North, south, east – no matter what direction Pennsylvanians turn their heads, they’re surrounded by the same-sex marriage debate. Everywhere, that is, except Pennsylvania. What’s the deal?
A few weeks ago I attended a meeting of the minds among GLBT student leaders across the state, all of whom were dead-set on creating discussion and pushing progress in a state that, while advancing some issues, remains stagnant on others. The dialogue included points-of-view on safe schools legislation, the ability – or lack thereof – of gay men to donate blood and a focus on preventing further suicides (see: Eric James Borges, most recent gay teen suicide). Certainly, these are all pressing issues that face the GLBT community and require attention, but one conversation amidst it all struck me as a bit odd and frankly, absurd.
That would be the notion that same-sex marriage is a non-issue in the community or, at the very least, less-important of an issue than its innumerable companion conflicts at hand. I’m not here to say that marriage is in fact inherently more important in a practical sense than other GLBT issues, but tactically, there seems to be a general misunderstanding among some of what same-sex marriage actually represents in the GLBT community.
Whether you plan on getting married or plan on being a cat lady for all of eternity, same-sex marriage symbolically embodies the “head of the dragon” in the movement’s fight for equality. Same-sex marriage, it seems, is for better or worse less about the official union of couples, and more about the invaluable role it plays in politics.
Up to this point, the general public has played witness to several noteworthy benchmark achievements in the movement: The repeal of “don’t ask, don’t tell,” President Barack Obama’s call to stop defending the Defense of Marriage Act in courts and a pleasantly surprising surge of support from the public in the past decade for basic but essential GLBT rights.
And though these have all played their own significant political role, nothing creates a more captivating news headline than the addition of another state in the union legalizing same-sex marriage. Why? Because it demonstrates to the remaining skeptics in America that GLBT people are just that: people.
On the surface, GLBT marriage may not hold the moral weight of saving a gay teenager’s life, but it does serve as a means to an end.
For decades, same-sex marriage has been a carrot held on a stick, with the GLBT community being the able-minded and able-bodied horse that – while successfully jumping high enough to nibble chunks off the end of the carrot – has never been able to completely yank it off of the stick. Marriage somehow manages to represent both the chunks and the whole, acting as the bites against the anti-marriage establishment and simultaneously holding the potential to end the entire movement.

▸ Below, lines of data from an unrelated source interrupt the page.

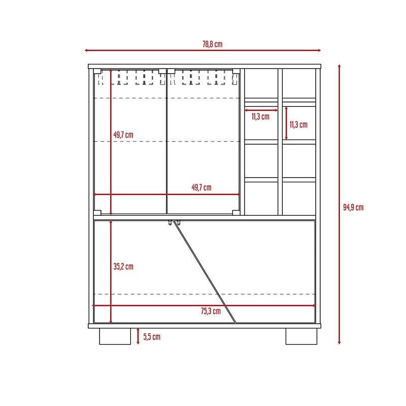 Bar, con 2 puertas batientes, 2 puertas de vidrio, amplio espacio para vino y licores, patas metálicas y combinación de colores.
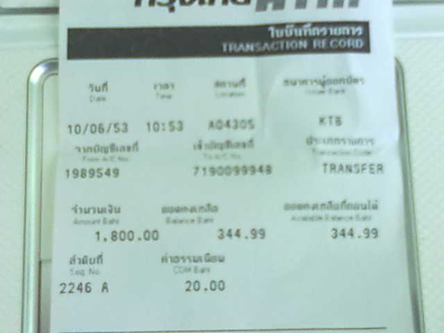 - ค่าตัว td04 = 1,000 บาท +ค่าส่ง นำหนัก 7.6 kg = 360 บาท , ค่ากล่อง (ต้องใช้กล่องที่ไปรษณีย์)= 32 บาท รวมเป็น 1,392 บาท พอดีครับ โอนได้ที่เลขบัญชี ธนาคารกรุงไทย สาขาราชบุรี ออมทรัพย์ เลขที่ 705-1-43646-5 นิพนธ์ โอนแล้วโทรแจ้งด้วยครับ ขอบคุณครับ
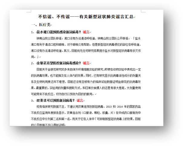 主题二:不信谣,不传谣——有关新型冠状肺炎谣言汇总
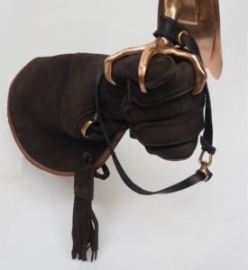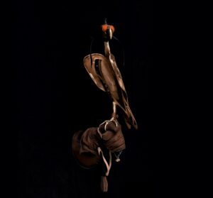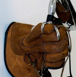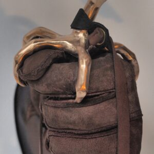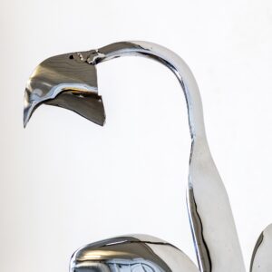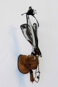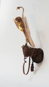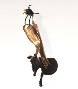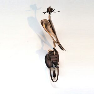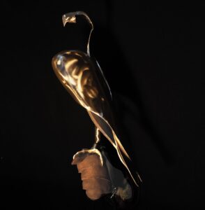 De valk “You can’t domesticate a falcon” zei een galleriehouder uit Parijs.Met minimale lijnen heb ik deze prachtige vogel vorm gegeven. Soms in brons en soms gepolijst RVS.De klauw grijpt zich vast in de handschoen van herteleer en laat meteen sporen na van de vlijmscherpe nagels.
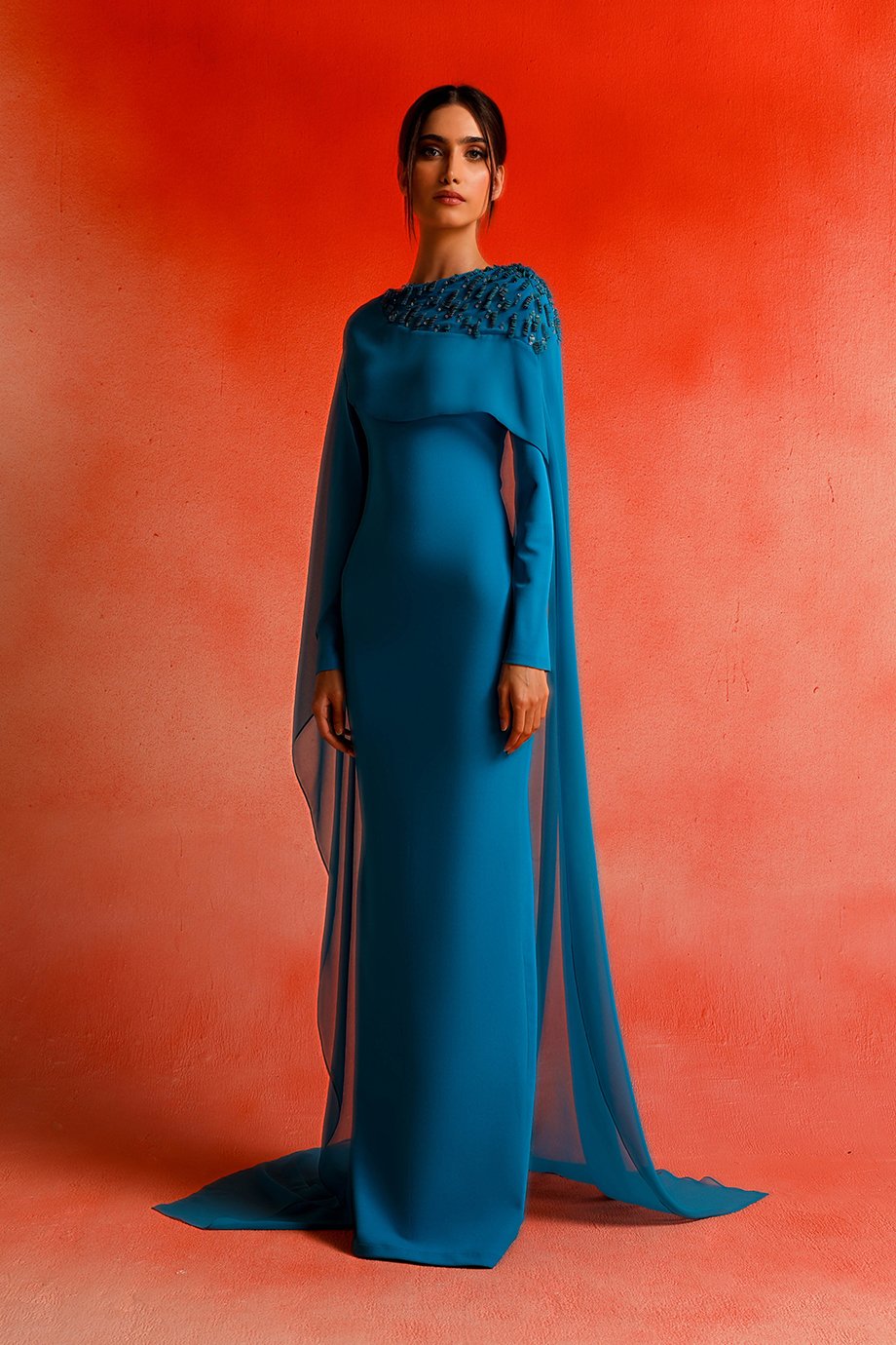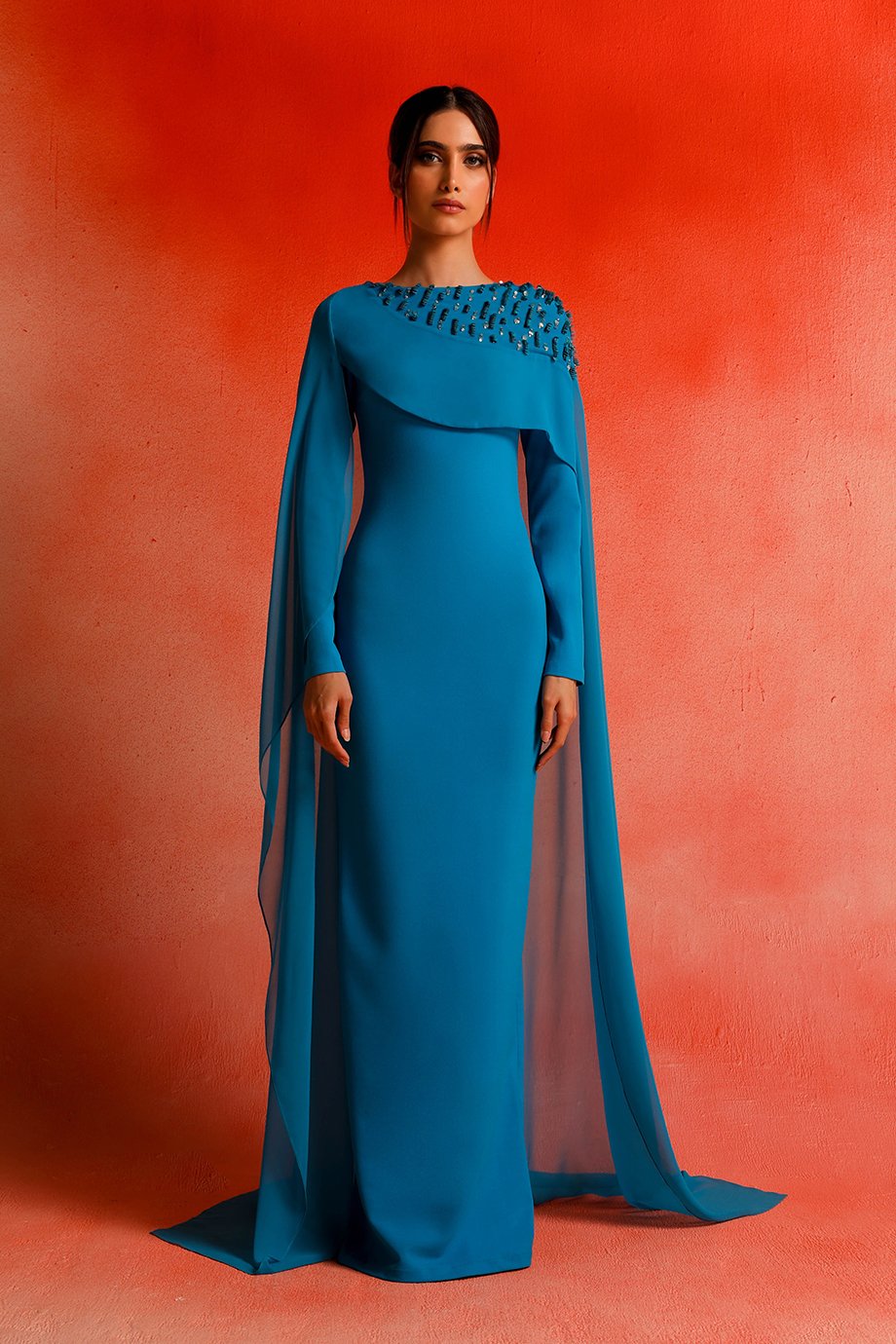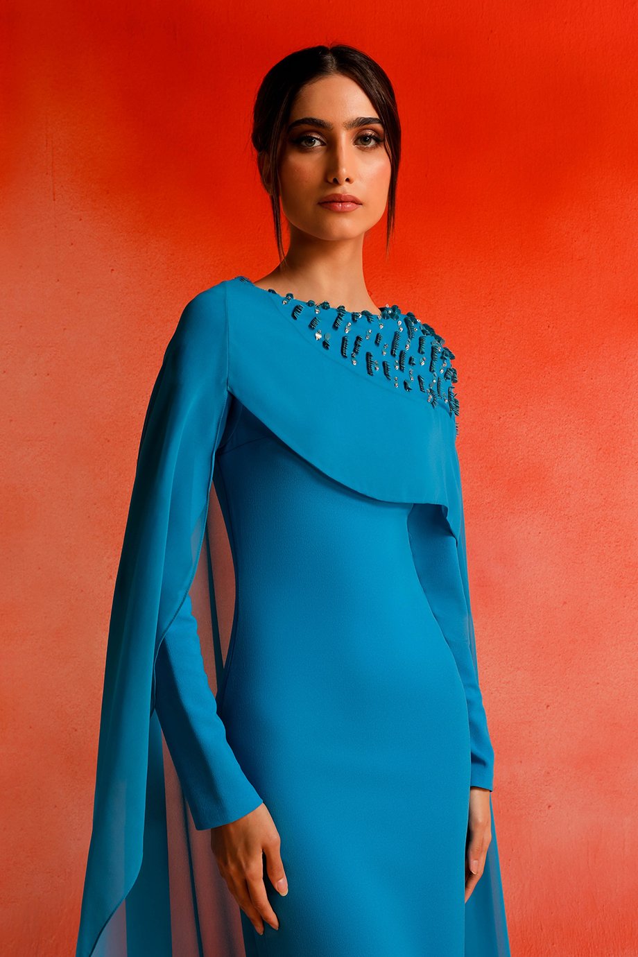 Asymmetric chiffon cape paired with a lycra crepe dress adorned with blue shaded hand embroidery
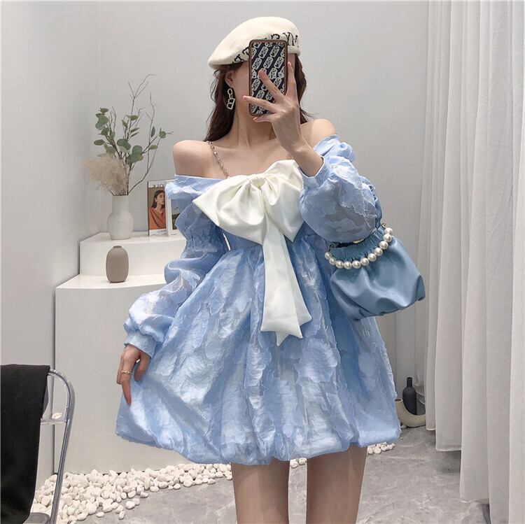 sweet系 蝶結び ダイヤモンドスリングオフショルダー 長袖 スリムワンビース
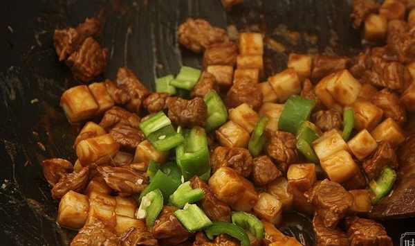9、最後青紅椒切丁,然後放進去翻炒一會兒即可;
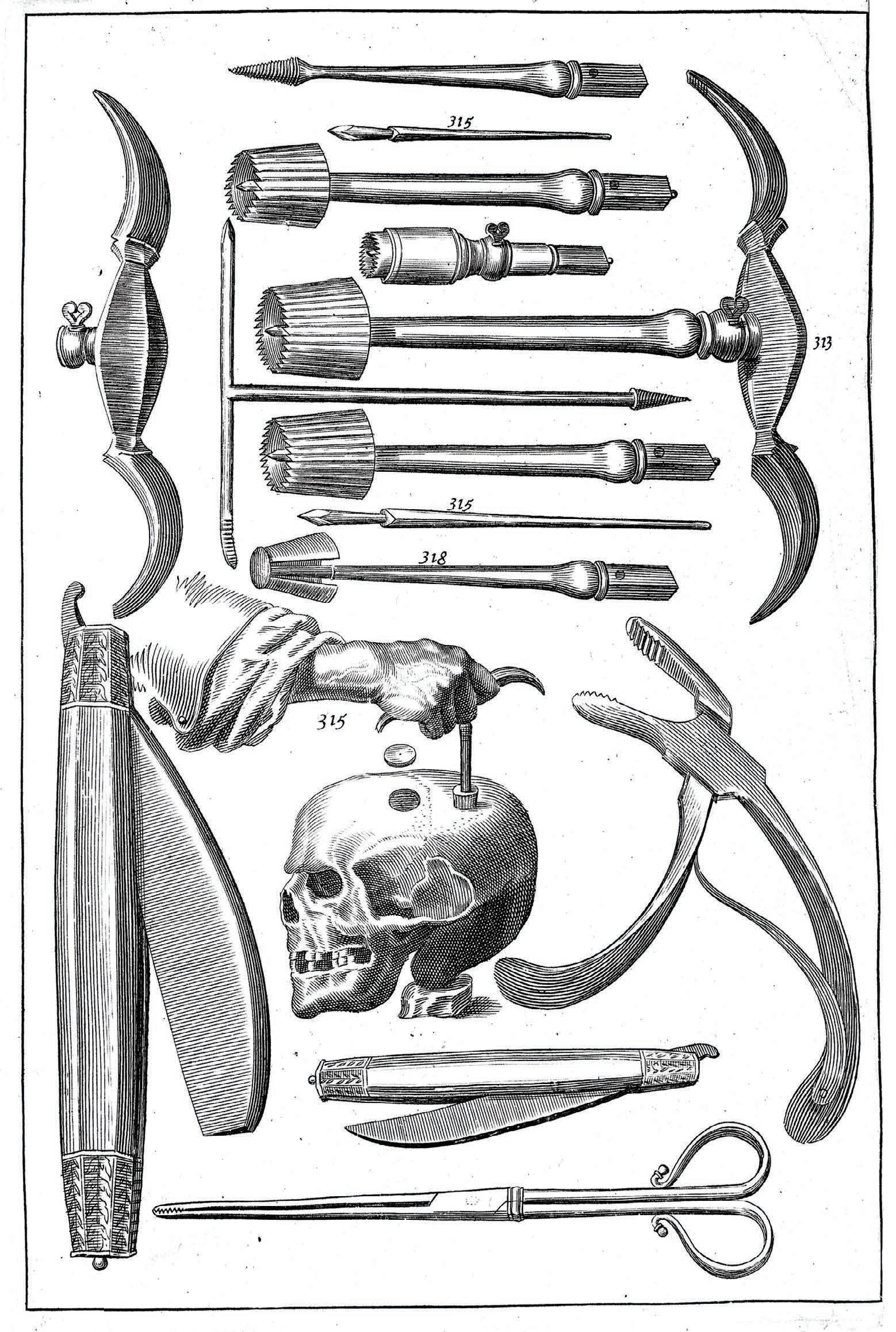 Plate 2. Seventeenth-century surgeon’s tools as depicted in John Woodall, The Surgeons Mate, 1639. The tools represented here are likely similar to those carried by Looker during his time on the Blackham Galley, on which he served as ship’s-surgeon. These would have been used in the surgical procedures which he describes, often graphically, in his ‘Journall’. Courtesy of the Wellcome Collection.
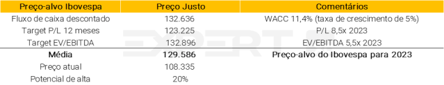 O valor justo para o Ibovespa é calculado como uma média de três metodologias: 1) um modelo de fluxo de caixa descontado (DCF), que atualmente assume um WACC de 11,4%, 2) um modelo de P/E alvo, que assume um múltiplo P/E de 8,5x, ainda abaixo da média histórica de 11x, e 3) um EV/EBITDA alvo de 5,5x, também abaixo da média histórica de 6,5x.

Perhaps, if we were to dive back a few decades and alter the mainstream message of the GLBT movement, this would not be the case. However, as things currently stand, marriage is what the average Joe views as the ultimate achievement for GLBT people. Simply put, if you accomplish marriage rights, the rest of the community’s restrictions will follow in being lifted.
This is why I continue to be baffled by Pennsylvania’s unwillingness to confront the subject of same-sex marriage, as if it’s a Thanksgiving dinner conversation no one wants to have. This becomes especially frustrating as our neighbors to the right push through promising same-sex marriage legislation and our friends below the Mason-Dixon Line introduce legislation carefully crafted to push marriage into the realm of possibility for the first time in a Southern state. New York, of course, needs no explanation. And for the sake of this column, we’ll pretend Ohio doesn’t exist.
Whatever form marriage equality eventually comes in, it has firmly solidified its role as the leading issue in the GLBT activist movement, and – from my standpoint – the sooner this is recognized by all, the sooner the fight for full equality will end. If the community is going to stand behind a message, there is no better one than that which presents the public with the realities of GLBT life: the presentation of two committed individuals with nothing but hopes of a simple and fair shot at tackling life with their loved one.